Issues that can trigger unauthorised actions that do not seem to be useful for any practical attack can also be categorised as low severity.
Security issues, that are present only in unstable branches, belong to this category, too. Any branch that has no stable release, is per se not intended for the production use.
Aside from those bugs which may or may not be a security issue, there is a variety of bugs that are definitely not a security issue, but may cause your project serious harm, or present serious problems for your package - No fix is forthcoming for these, the vast majority of bugs, while the release is in security fix only cycle.

What should I target ?

Targeting a security fix only release of PHP for new projects doesn't make any sense: When a release is in security fix only cycle you should be concentrating on getting old projects upgraded, and a year is plenty of time to do that. In the case of PHP 5.6, we extended the security cycle to two years. If you are reading this and thinking a year isn't long enough to do that, then there is something wrong with the way you deploy or support projects or packages: It has to be long enough, running a version of PHP without active support is dangerous for your business, reputation, and soul.

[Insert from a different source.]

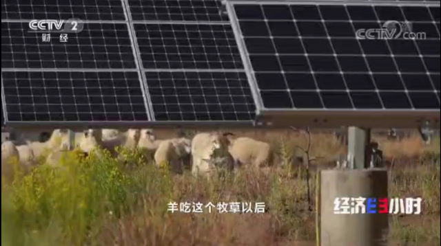 光伏、牧草、牛、牛糞共同有機循環(huán),達到以農養(yǎng)牧,以木促農,種養(yǎng)互促的效果是這個光伏基地正在實施的目光互補項目,也是這里光伏治沙的關鍵之一。風是沙漠的腿,肆虐的狂風會帶著沙丘到處移動,治沙首先要讓沙漠不再流動,而光伏組件具有良好的黨風防風作用,而在光伏組件之間的沙地經過土壤改良,種植下的牧草則可以用來鎖住水分,固定好沙土。

New projects or packages should obviously target an actively developed version of PHP. At the time of writing both 7.1 and 7.2 are being actively developed (there will always be two versions in active development). Whether you choose to use 7.1 or 7.2 depends on your project or package, perhaps you'd like to use some new features, and not have to worry about security cycle for nearly two years and so can reasonably target 7.2. Perhaps you have reasons to stick with 7.1, and are prepared to deal with security cycle before the year is out.

The bottom line is this: New projects or packages must target an actively developed, fully supported version of PHP.